Employees: They Can Make or Break a Small Business
Alert to employers: Employees do not work for you; they work for themselves. As an employer you have goals and aspirations for your business. Why would you think your employees are any different? Your employees are using you as a conduit to realize their own personal goals and dreams. If both parties succeed then it’s a win-win for both the business and the employee.
You may have heard a news story about Yahoo’s new CEO, Marissa Meyer’s decision to halt all work at home policies. Anyone who was working at home must now make the commute to the office and occupy a cubical. Hubert Joly, of Best Buy, also issued a similar directive to his employees. Is this a smart move and will it improve employee production?
Marissa Meyer’s position is that if all employees are allowed to interact with each other ideas and improvements flow more freely. I would agree that there is some truth to that.

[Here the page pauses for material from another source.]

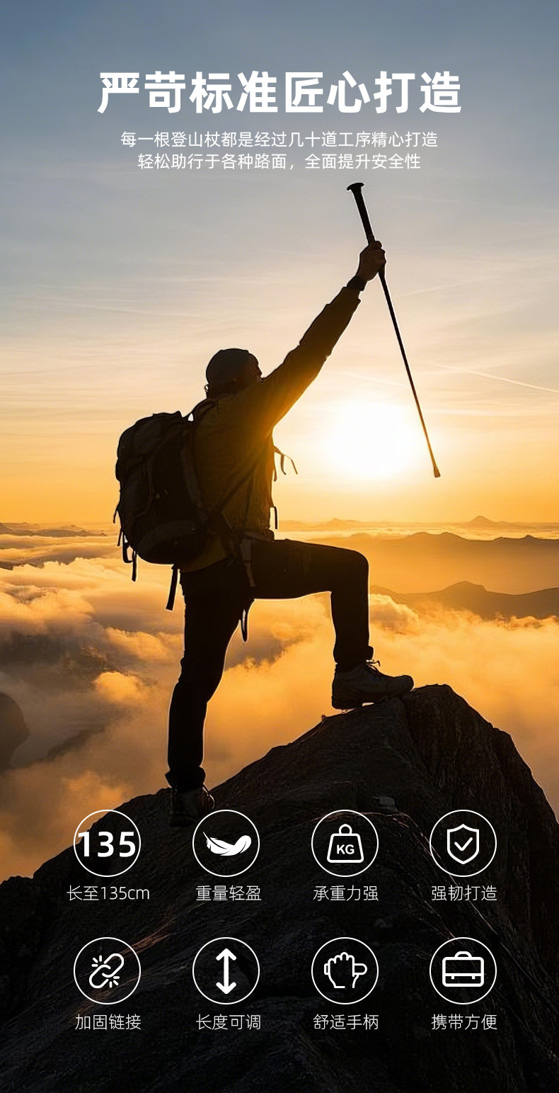 • 旋锁式登山杖:顺时针旋转杖节解锁,拉伸或缩短至目标长度后,逆时针用力拧紧锁定,确保锁扣稳固(可轻轻拉动杖节测试,无松动即可)。

Where Marissa and I part company is the timeline when the policy is put in place. If you hire workers with the up front understanding that office attendance is a work requirement — that’s one thing, but to suddenly upset the lives of employees that have been productive at home is quite another.
Lifestyle and Production
Workers who didn’t have huge gas bills and day care expenses will now have to budget those items with no increase in compensation. In my opinion, the only free flowing ideas at Yahoo and Best Buy will be resentment against the company.
The unintended consequence of this practice is how employees spend their off hours. Employees typically spend 40 hours working for you each week and 40 hours or so sleeping. There are 168 hours in a week leaving 88 hours where the employee is free to tell anyone will listen about how they are treated at work.
It’s a Matter of Trust
If employees want to scam the system, they are going to find ways to do that whether they work at home or at the office. A good employee is a good employee wherever they are because they have their own individual motivation to succeed.
If the company goals are also achieved, due to the employees performance, that’s a plus for the employer as well as the employee.
Some Final Thoughts
It costs $3,500 to recruit and hire the average employee in the United States. If you think employees are just warm bodies that are easily replaced you would be sorely mistaken. Employees are a huge investment in your success but their production is tied directly to how they are treated. There is a fine line between leadership and dictatorship.
The former will produce way more profit than the latter. Which type of boss are you?